Propensity score analysis for a semi-continuous exposure variable: a study of gestational alcohol exposure and childhood cognition.
Tugba Akkaya HocagilRichard J CookSandra W JacobsonJoseph L JacobsonLouise M RyanPublished in: Journal of the Royal Statistical Society. Series A, (Statistics in Society) (2021)
Propensity score methodology has become increasingly popular in recent years as a tool for estimating causal effects in observational studies. Much of the related research has been directed at settings with binary or discrete exposure variables with more recent work involving continuous exposure variables. In environmental epidemiology, a substantial proportion of individuals is often completely unexposed while others may experience heavy exposure leading to an exposure distribution with a point mass at zero and a heavy right tail. We suggest a new approach to handle this type of exposure data by constructing a propensity score based on a two-part model and show how this model can be used to more reliably adjust for covariates of a semi-continuous exposure variable. We also consider the case when a misspecified propensity score is used in a regression adjustment and derive an explicit form of the bias. We show that the potential bias gets smaller as the estimated propensity score gets closer to the true expectation of the exposure variable given a set of observed covariates. While this result pertains to a more general setting, we use it to evaluate the potential bias in settings in which the true exposure has a semi-continuous structure.
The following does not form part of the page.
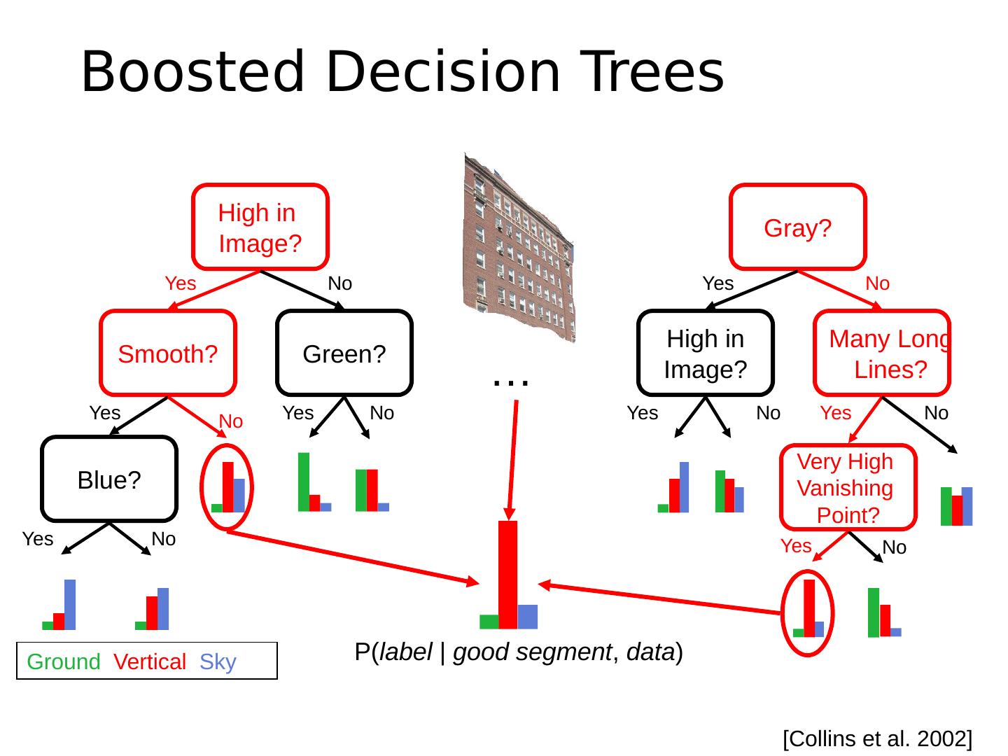 22 .Boosted Decision Trees … Gray? High in Image? Many Long Lines? Yes No No No No Yes Yes Yes Very High Vanishing Point? High in Image? Smooth? Green? Blue? Yes No No No No Yes Yes Yes Ground Vertical Sky [Collins et al. 2002] P( label | good segment , data )

We also evaluate and compare the performance of our proposed method through simulation studies relative to a simpler linear regression-based propensity score for a continuous exposure variable as well as through direct covariate adjustment. Overall, we find that using a propensity score constructed via a two-part model significantly improves the regression estimate when the exposure variable is semi-continuous in nature. Specifically when the proportion of non-exposed subjects is high and the effects of covariates on exposure and outcome are strong, the proposed two-part propensity score method outperforms the more standard competing methods. We illustrate our method using data from the Detroit Longitudinal Cohort Study in which the exposure variable reflects gestational alcohol exposure featuring zero values and a long tail.